Namun yang membuat saya terkejut justru munculnya John Otto, sang drummer ternyata juga ikut dalam tur kali ini. Nampaknya ia baru saja menyusul rombongan band. Dan John juga dengan ramah menyapa kami, bahkan ada dua orang lagi kawan dari Jogja yang kami temui di sana untuk hunting. Mereka sempat dicegah salah seorang staff  dari resort saat akan meminta tanda tangan. Tapi ehhh…malah John Otto sendiri yang memanggil mereka dan memberi tanda tangan, kesempatan foto bersama, bahkan sempat mengucapkan “See you tonight“. Dan alhasil staff cantik itupun agak sedikit malu dengan inisiatifnya untuk melarang. They are rockstar, bukan diva yang menye-menye! Hahaha…

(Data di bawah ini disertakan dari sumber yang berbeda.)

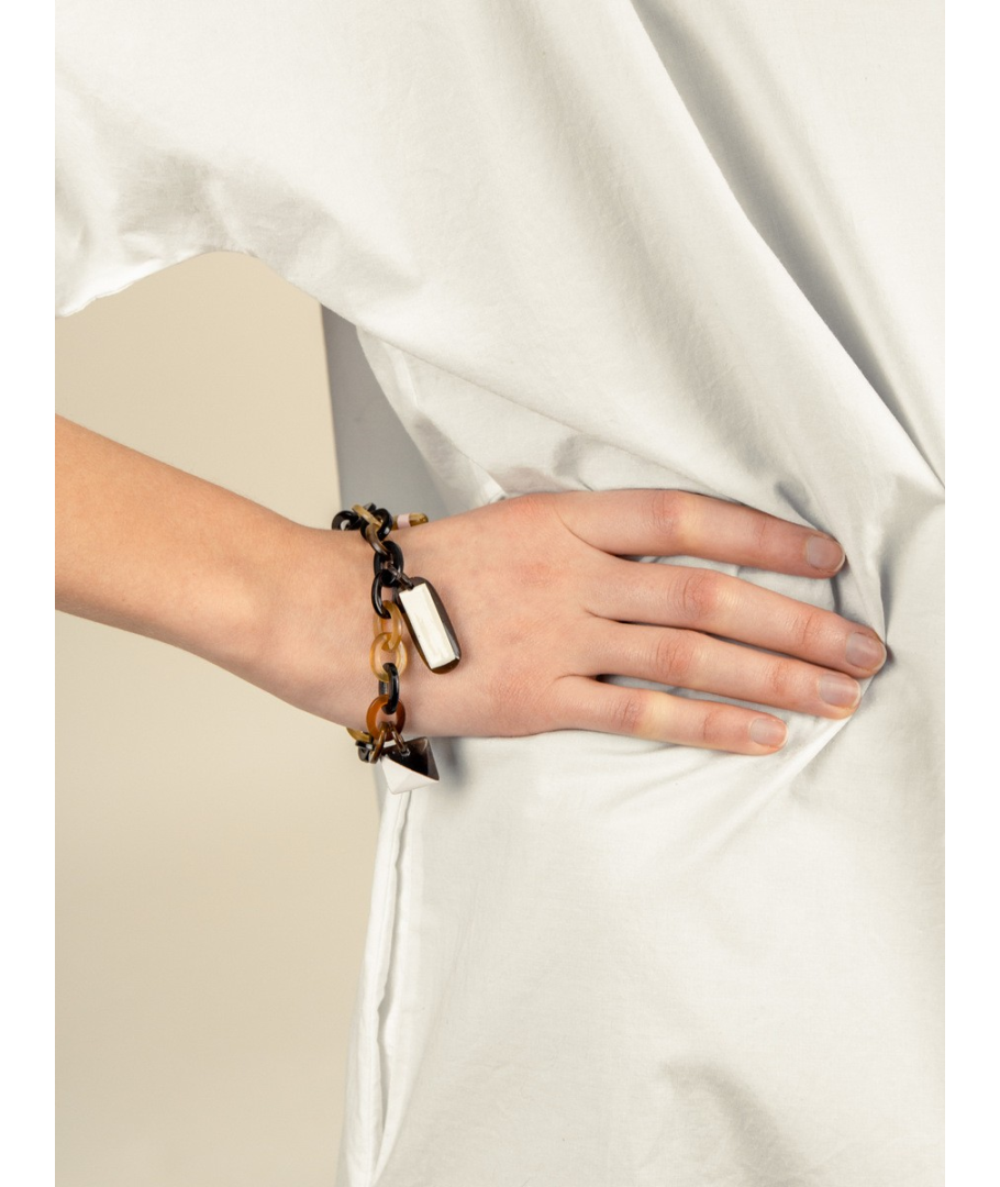 Bracelet chaîne à breloques en sabot et laque tricolore
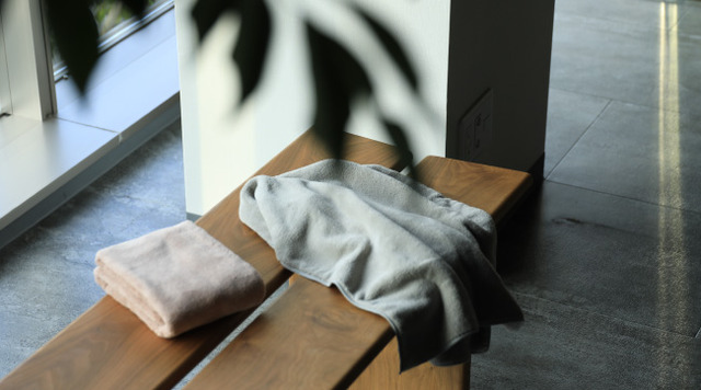 濡れた肌の上に当てるだけで驚くほど水を吸収してくれるので肌を擦る必要がありません。
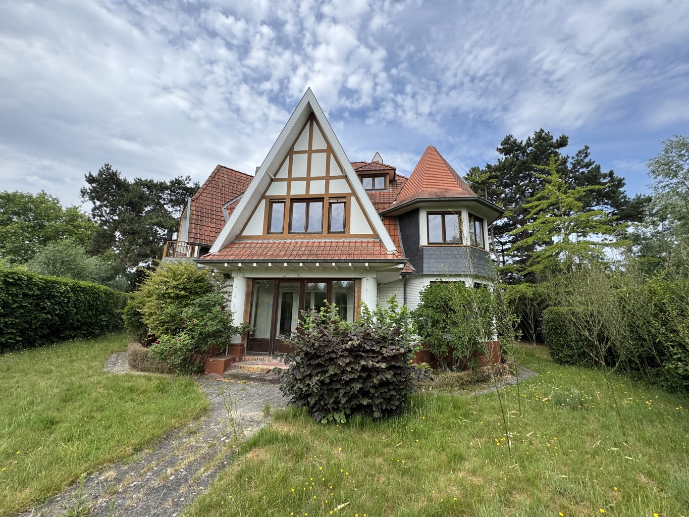 Karaktervolle villa in cottagestijl uit het interbellum, gelegen in één van de mooiste lanen van het Zoute, op wandelafstand van het Kerkje van de Dominikanen en de "Royal Zoute Tennis Club". Indeling: inkomhall met vestiaire en gastentoilet. Ruime woon- en eetkamer met mooie zichten op de tuin. Afzonderlijke keuken. Op de eerste verdieping: 5 ruime slaapkamers. Praktische douchekamer. Op de 2de etage: 6de en 7de slaapkamer. Badkamer. Zolderruimte. Inpandige garage. Bezoek na afspraak via één van onze kantoren.

Malam harinya, di stage utama Soundrenaline, Garuda Wisnu Kencana. For the very first time of my life, akhirnya saya bisa melihat langsung konser Limp Bizkit. Hari yang sudah saya nanti setelah sukses di-PHP dua kali batal datang ke Indonesia. Memang Limp Bizkit tidak seenergik 18-20 Tahun lalu. Teriakan dan aksi panggung Fred Durst juga tidak segila jaman itu. Sam Rivers, sang bassist juga tidak bergabung karena alasan kesehatan dan harus digantikan additional player. Tapi tidak sedikitpun mengurangi euforia saya pribadi, dan banyak fans lainnya di floor malam itu. Singkat cerita di penghujung konser, dengan berbagai cara dan keberuntungan, saya berhasil mendapatkan “golden throw” pick gitar Wes Borland! Can you believe it?! Pick gitar bekas pakai Wes Borland! Dan resmi sudah, momen Bali itu menjadi the best ride of my life!